今回は、野球の分野におけるスピードガンという具体例を交えて、現在僕たちの生活のあらゆるところに存在する、客観的価値・客観的指標についての捉え方と、「体感」の重要性について、僕の考えを述べていきたいと思います。

 

 

〈出ました160キロ!〉

 

 現在野球界では、スピードガンによる投手の球速計測、及び球速表示に注目が集まることが多いです。

 

 「〇〇選手が自己最速の160km/hを記録!」、「話題の高校生150km/h右腕!」など、メディアでも大きく取り上げられたりします。

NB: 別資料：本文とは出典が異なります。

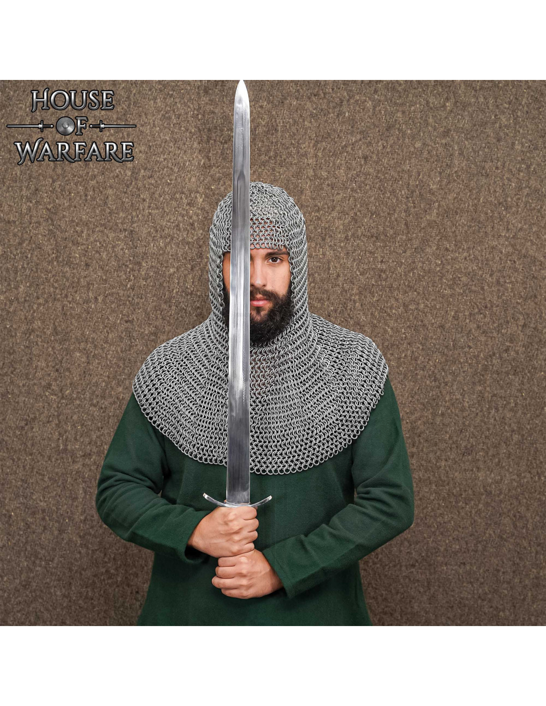 Denne hætte fremkalder den middelalderlige periode fra 1100-tallet til 1300-tallet og genskaber den klassiske europæiske silhuet med en kant, der beskytter nakke og skuldre uden at begrænse bevægelserne. Dens mat grå finish med ståludseende giver et robust og realistisk udseende, som det kan ses på billedet, hvor kæden falder naturligt over hovedet, skuldrene og den øverste del af brystet.

野球場では一球ごとに球速表示がされたりして、野球ファンの歓声を集めたりします。

実際に野球の現場でも、スピードガンによる球速測定は積極的に取り入れられています。

 

 それ程、現在の野球界において、スピードガンによる球速表示は大きく浸透しているのです。

 

 

〈勝負中におけるスピードガンの必要性〉

 

 僕はこれまで長い間野球をやってきました。

そんな僕が、プレイヤーとして、このスピードガンという要素について語りたいと思います。

 

 確かに、スピードガンによる球速表示は、相手投手の事前情報にもなり、手掛かりを知るための一つの目安になります。

 

 しかし、投手対打者という野球の中心とも言える勝負の中において、このスピードガンによる球速表示というのは、全く必要のない要素なのです。

 

 なぜなら、打者目線で言えば(今回は主に打者目線で書いていきたいと思います)、打つのはスピードガンではなく、来た球だからです。

 

 打者というのは勝負中において、投手の球の速さをスピードガンという客観的数値をもとに認知している訳ではありません。

体感で認知しているのです。

 

 要するに、打者が投手の球の速さを認知するのは、スピードガンの数値による球速ではなくて、打席で実際に球を見た時の体感速度と呼ばれるものであるのです。

 

 スピードガンの数値が高くても、打席に入った時の体感速度が速くなければ、打者は手強いボールだとは思いません。

逆に、スピードガンの数値が低くても、体感速度が速ければ、それは打者にとって脅威のボールになるのです。

 

 

〈大事なのは体感!〉

 

 確かに先程述べたように、スピードガンは投手の能力の目安として認識できますし、野球ファンを盛り上げる事のできる要素を持っていると思います。

 

 しかし、本質的な球速というのは、体感に表れるのです。

 

 昨今ではスピードガンへの注目がかなり盛んになっていますが、本質を言うと、球速というのは、まず体感ありきなのです。

しかしそれについての見識が、まだ世間には充分浸透していないように見受けられます。

実はこれは、野球に限った話ではありません。

 

〈人を見るときも体感を大事に!〉

 

 今の社会全体として、物事を客観的指標化・価値化したり、或いはそれらによって分類したりして、物事を見ようとする傾向が強くなってきています。

 

 そしてそれは、人を見る場合においてもそうです。

 

 現代では、精神病と言われる外から見ても判別できない病気の名前が激増していたり、性格診断と呼ばれるものが台頭してきたりしていますが、それらはこのような傾向が顕著に表れている恰好の例と言えます。

 

 それ以前にも僕らは、学歴、年収、職、配偶者の有無などの客観的要素で人を見てしまう癖が付いています。

 

 もちろん僕は、それらの要素が全く必要無いと言っている訳ではありません。今の社会においては必要である場合も実際に多くありますし、その人の中身がそのような客観的要素に表れる場合もあるでしょう。

 

 しかしやはり、その人を知るための一番の大きな要素は、客観的要素ではなく、リアルであった時の体感なのです。

 

その人の今の状態の全ては、体感に表れるのです。

 

 

〈まとめ〉

 

 今の社会においては忘れられがちですが、体感というのはどのような場合においても、とても重要な要素になるのです。

 

 何度も言いますが、客観的要素が全く必要無い訳ではありません。

しかし、物事においてそれらに囚われ過ぎて、本質が見えていない人がたくさんいます。

 

 体感を大事にして生きていきましょう。

 

 

 今回の記事は以上です。今日もありがとうございました。